Item 4. Controls and Procedures
Evaluation of Disclosure Controls and Procedures
Our management, with the participation
of our Chief Executive Officer and Chief Financial Officer, evaluated the effectiveness of our disclosure controls and procedures (as defined in Rule 13a-15(e) and 15d-15(e) of the Securities Exchange Act of 1934, as amended, or the Exchange Act) as of the end of the period covered by this report. Based on that evaluation, our Chief Executive Officer and Chief Financial Officer concluded that our disclosure controls and procedures as of the end of the period covered by this report were effective at a reasonable assurance level in ensuring that information required to be disclosed by us in reports that we file or submit under the Exchange Act (i) is recorded, processed, summarized and reported within the time periods specified in the SEC’s rules and forms and (ii) accumulated and communicated to management, including our Chief Executive Officer and Chief Financial Officer, as appropriate, to allow timely discussions regarding required disclosure. We believe that a control
system, no matter how well designed and operated, cannot provide absolute assurance that the objectives of the control system are met, and no evaluation of controls can provide absolute assurance that all control issues and instances of fraud, if any, within a company have been detected.

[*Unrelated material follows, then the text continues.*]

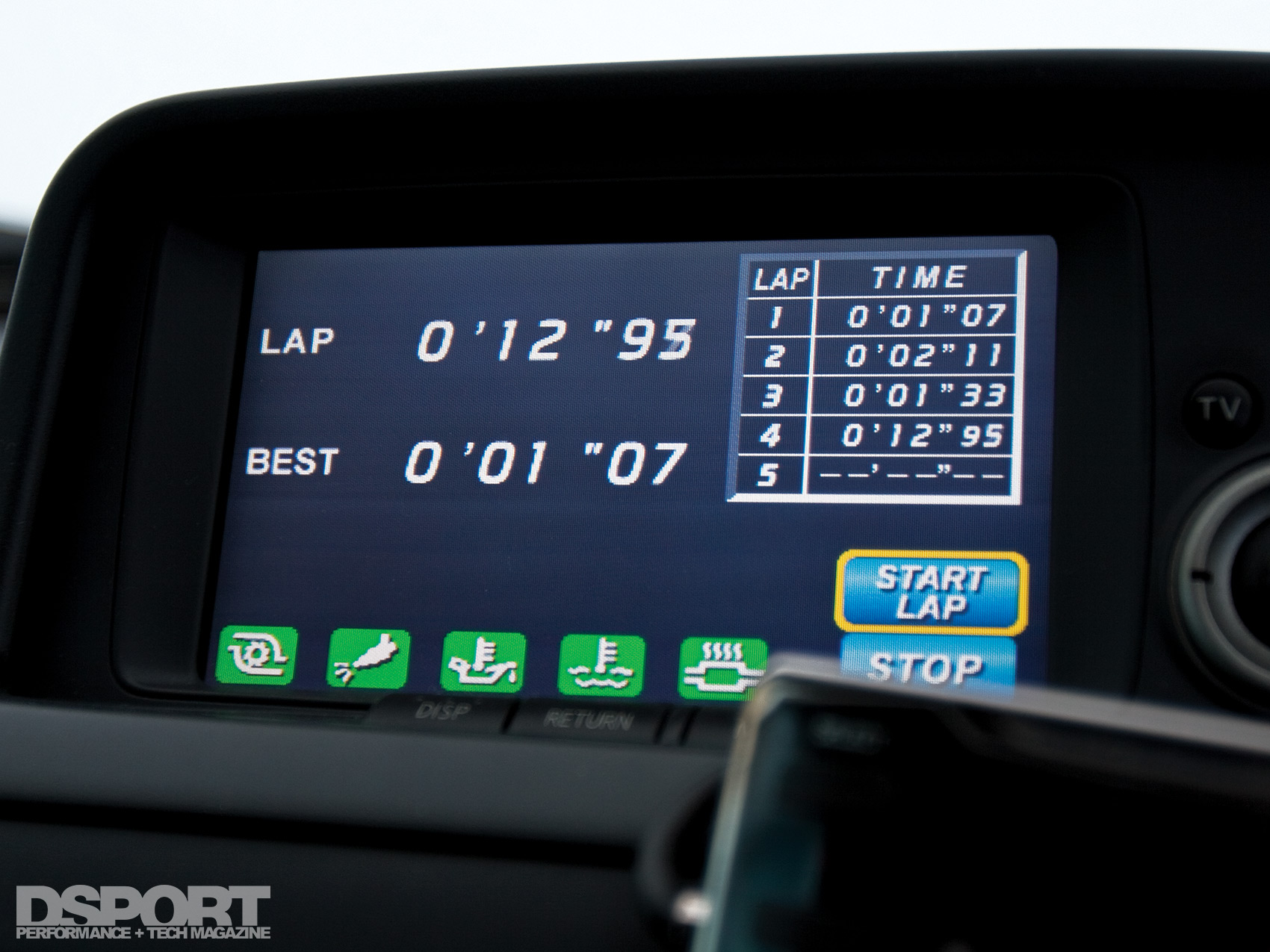 Fukuda equipped the Skyline with a myriad of electronics to analyze and improve its performance. The factory LCD screen that serves as a multi-function display has been enhanced with NISMO’s software upgrade. Featured improve- ments include a lap counter, boost pressure capacity increase to 2.0 bar, additional display modes, g-force meter and datalogging capabilities not available with the factory software. In addition, an A’PEXi Rev/Speed meter and a transmission housing temperature display monitor additional vehicle parameters that Fukuda records and compares.

Changes in Internal Control over Financial Reporting
There was no change in our internal control over financial reporting (as defined in Rule 13a-15(f) and 15d-15(f) of the Exchange Act) that occurred during the fiscal quarter ended September 30, 2023 that has materially affected, or is reasonably likely to materially affect, our internal control over financial reporting.
35
PART
II – OTHER INFORMATION
Item 1. Legal Proceedings
The Company and its subsidiaries are parties to numerous claims and lawsuits arising in the ordinary course of its business activities, some of which involve claims for substantial amounts. The ultimate outcome of these suits cannot be ascertained at this time. The description of our the Welker v. MiMedx, et. Al case contained in Note 13,
“Commitments and Contingencies,” to the unaudited condensed consolidated financial statements included in Part I, Item 1 of this Quarterly Report, is incorporated herein by reference.
Item 1A. Risk Factors
There have been no material changes to the Company’s risk factors included in its 2022 Form 10-K.
Item 2. Unregistered
Sales of Equity Securities and Use of Proceeds
(a) None.
(b) None.
(c) None.
Item 3. Defaults Upon Senior Securities
Not applicable.
Item 4. Mine Safety Disclosures
Not applicable.
Item 5. Other
Information
Insider trading arrangements and policies
During the three months ended September 30, 2023, no director or officer of the Company adopted or terminated a “Rule 10b5-1 trading arrangement” or “non-Rule 10b5-1 trading arrangement,” as each term is defined in Item 408(a) of Regulation S-K.
Pursuant to the requirements of the Securities Exchange Act of 1934, the registrant has duly caused this report to be signed on its behalf by the undersigned thereunto duly authorized.